Harvard's incoming Undergraduate Council president has penned a scathing op-ed about his fellow council members — and it reveals a lot about the inner workings of America's next generation of movers and shakers in tech, science, and beyond.
In a Wall Street Journal editorial — because of course Harvard undergrads are able to get published in the WSJ — senior and president-elect Michael Cheng decried his peers on the rarefied institution's Undergraduate Council for trying "to cling to power" using a number of underhanded tactics that feel like something out of "House of Cards."
Friendly reminder that this is the university that still employs Alan Dershowitz, and produced heavy hitters ranging from J. Robert Oppenheimer, Mark Zuckerberg, and Neil deGrasse Tyson.
Maybe in that milieu of power brokers it makes sense, then, that Cheng describes the council as throwing wrenches into student elections before and after they took place. He detailed how the outgoing council passed rules that retroactively gave them new powers, including the establishment of a purportedly independent "Election Commission" that disqualifies candidates for things like "violations of the spirit of the election rules," and charged the electoral body with obscuring the check box next to his name on the ballots.

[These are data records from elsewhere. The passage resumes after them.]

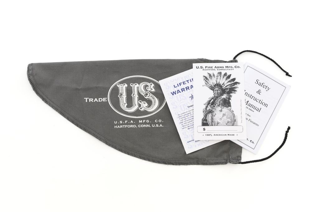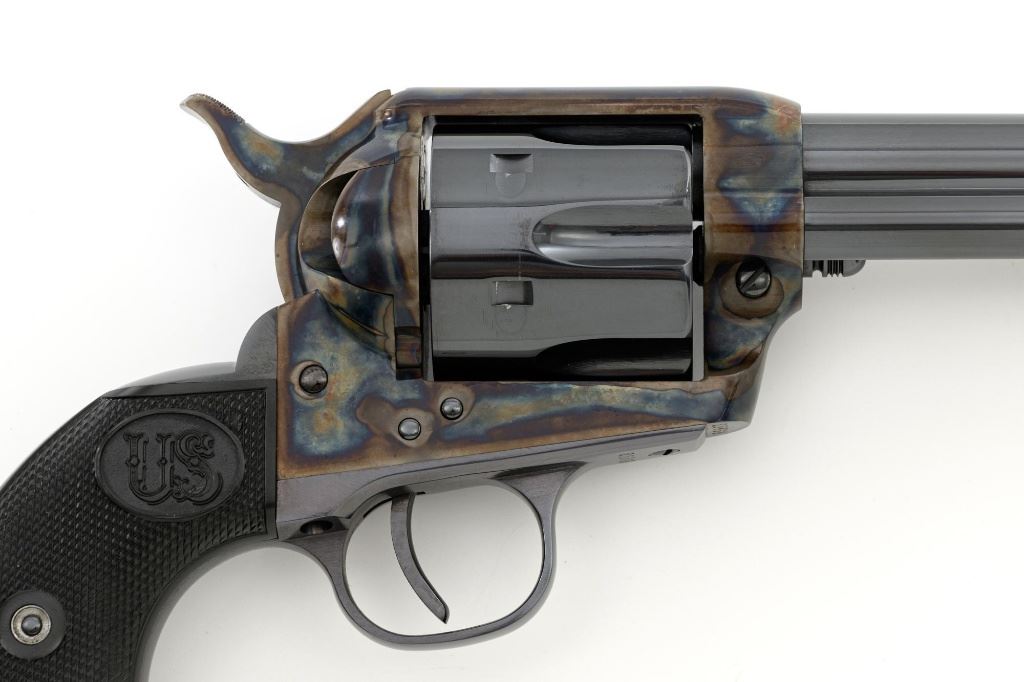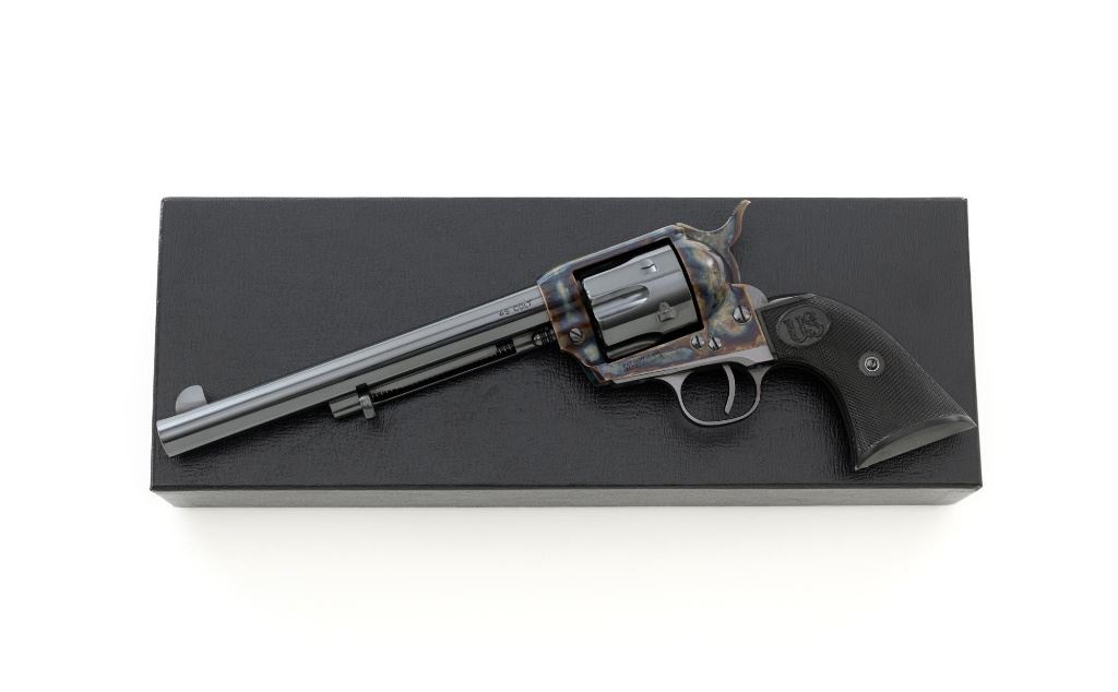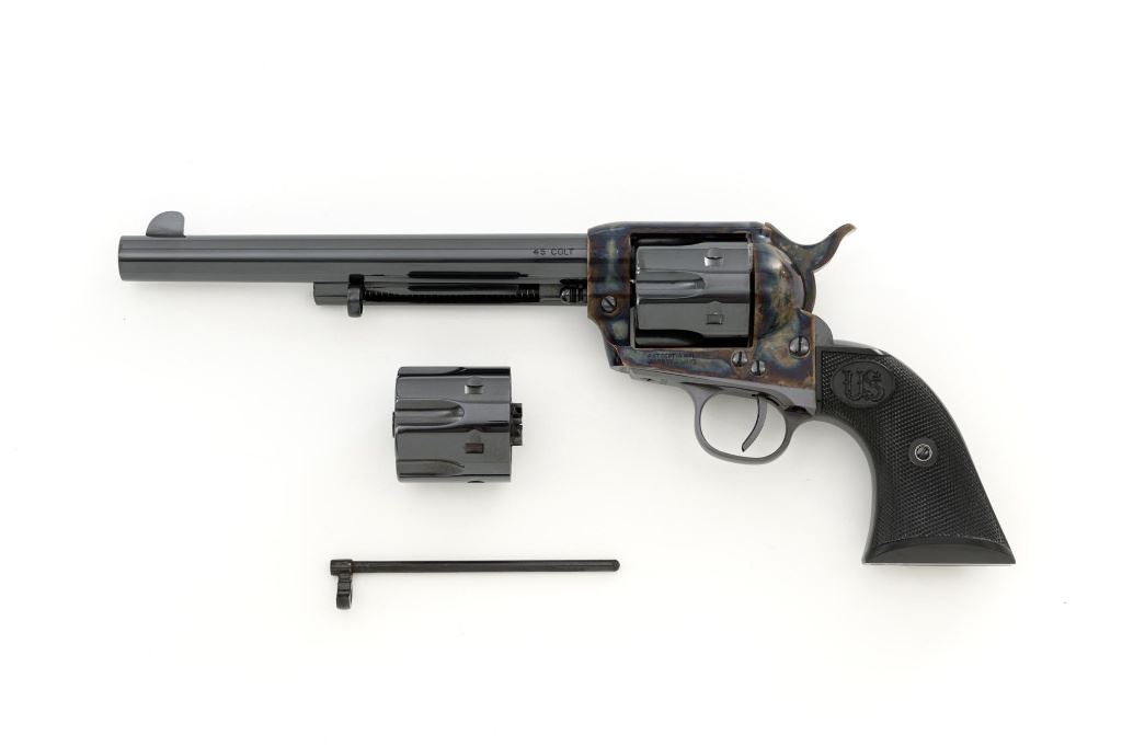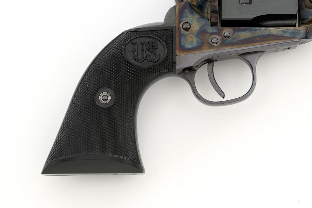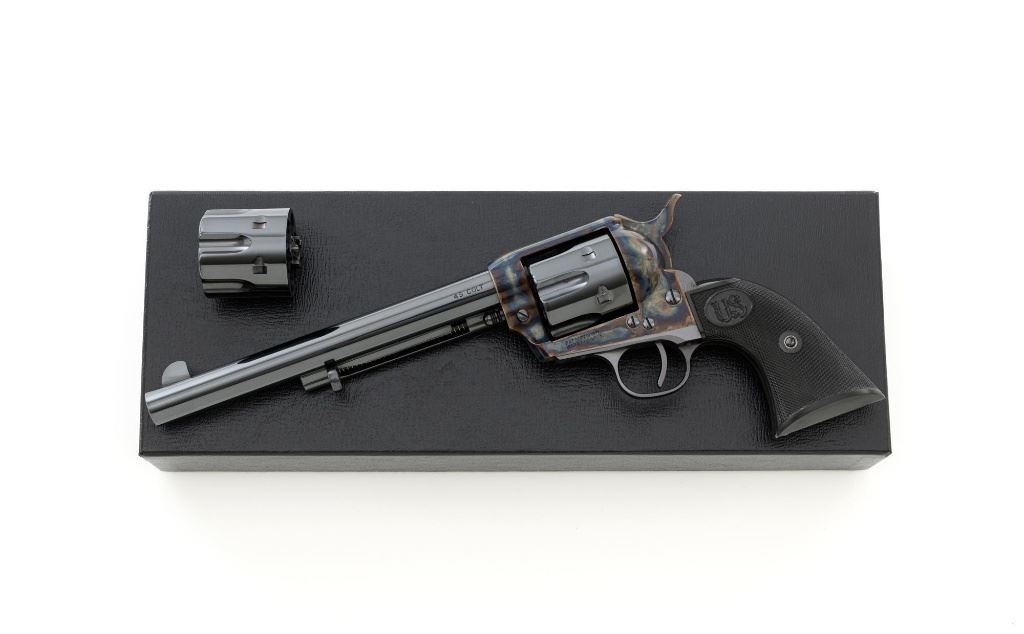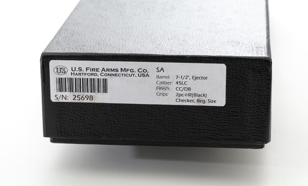 United States Fire Arms Manufacturing Co. Single Action Army Revolver, with Extra Cylinder, #25698, .45 Colt cal., 7.5" barrel, blue and color case hardened finish, checkered hard rubber two-piece "US" monogram grips, blade front and fixed square notch rear sights, with "Bullseye" ejector rod. Marked "757" inside the loading gate. Includes the factory two-piece box with matching end label, instruction manual, original ejector rod; extra cylinder chambered in .45 ACP cal., protective bag and associated packaging materials. Revolver is in excellent overall condition, showing little evidence of use, and retaining approx. 99%+ factory "Dome Blue" finish on the barrel, cylinder and straps. Frame and hammer display vivid "Old Armory Bone" color case hardened finish. Factory lettering is crisp. Grips are excellent with sharp checkering detail, showing little use. Action is crisp with excellent timing. Bore is mirror bright with excellent rifling. Prior to closing their doors in 2012, U.S.F.A. produced some of the finest reproduction SAA revolvers on the market. Hard to find in this high condition and desirable with the extra cylinder. Est.: $1,500-$2,500. (Modern)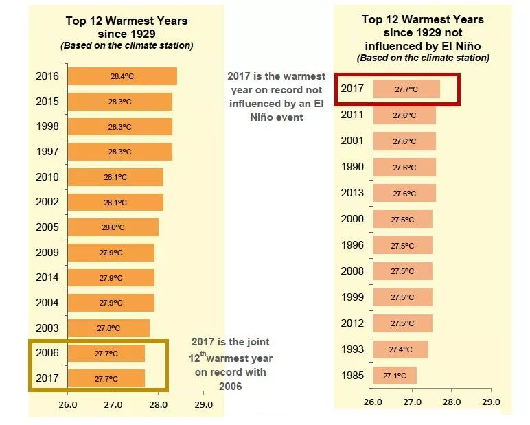 虽然2006年和2017年的全年平均气温几乎一样,不过前者出现了厄尔尼诺现象;而后者并没有受到任何厄尔尼诺的影响。要是把所有发生过厄尔尼诺现象的年份排除在外,那么2017年其实是在所有非厄尔尼诺的年份里气温最为炎热的一年!!!
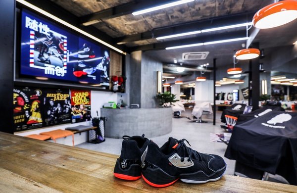 Barbershop内设有陈列用篮筐和哈登新鞋Harden Vol.4作为展示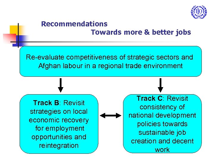 Recommendations Towards more & better jobs Re-evaluate competitiveness of strategic sectors and Afghan labour in a regional trade environment Track B: Revisit strategies on local economic recovery for employment opportunities and reintegration Track C: Revisit consistency of national development policies towards sustainable job creation and decent work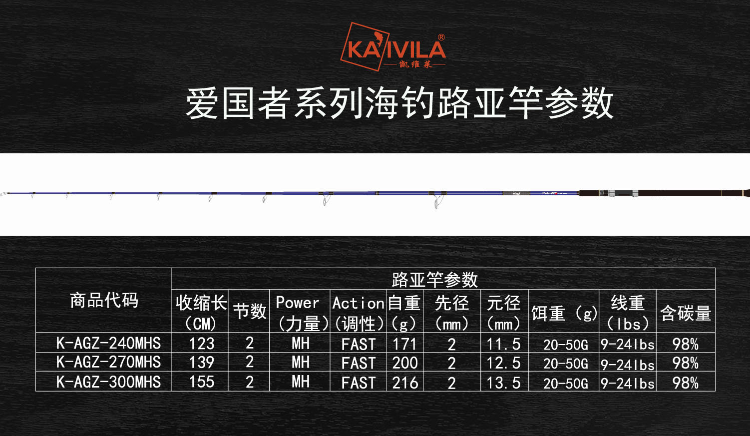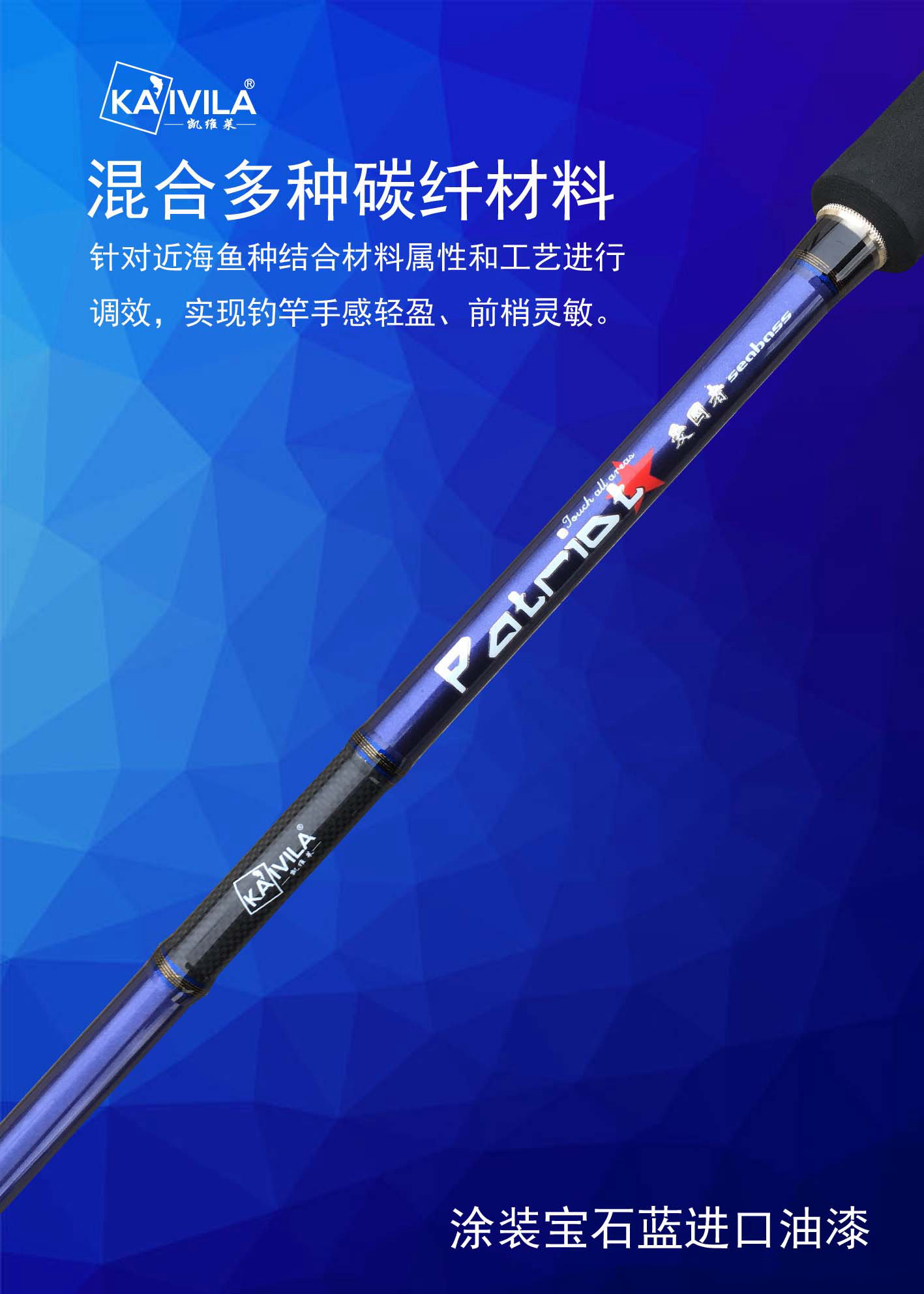 主要针对鱼种:海鲈、鲅鱼、带鱼等,其设计强度主要针对对海鲈,为一款近海路亚综合竿。

After he was elected, Cheng said the "lame duck" council then passed rules to try to stop student governors from amending the school's constitution and passed rules that would require a "supermajority" of votes to do anything.
Is it any wonder that Harvard, a storied university that symbolizes the absolute best in American — nay, Western — academia is home to student politicians who take "vending machines" and "free doughnuts" so seriously that they're willing to enact legislative corruption as brazen as the North Carolina GOP's?
In popular culture, Harvard is just as likely to stir up recollections of Jeffrey Epstein's dirty money and its drawn-out admissions scandal as its academic accolades.
And anyone who's ever interacted with Harvard graduates knows how seriously they take themselves, and for those lucky enough not to, the experience can be replicated by watching "Friends from College," Keegan Michael-Key and Billy Eichner's Netflix show about a grownup toxic friend group who were produced in those hallowed halls.
People enter the Ivy League from lots of backgrounds — as legacies, as star athletes, and as uber-high-performing students. While it's unfair to paint all Harvard students with the same holier-than-thou brush, the reality of the cutthroat student culture of that ivory tower enclave is as well-illustrated in Cheng's op-ed as it is in that undersung classic, "Legally Blonde."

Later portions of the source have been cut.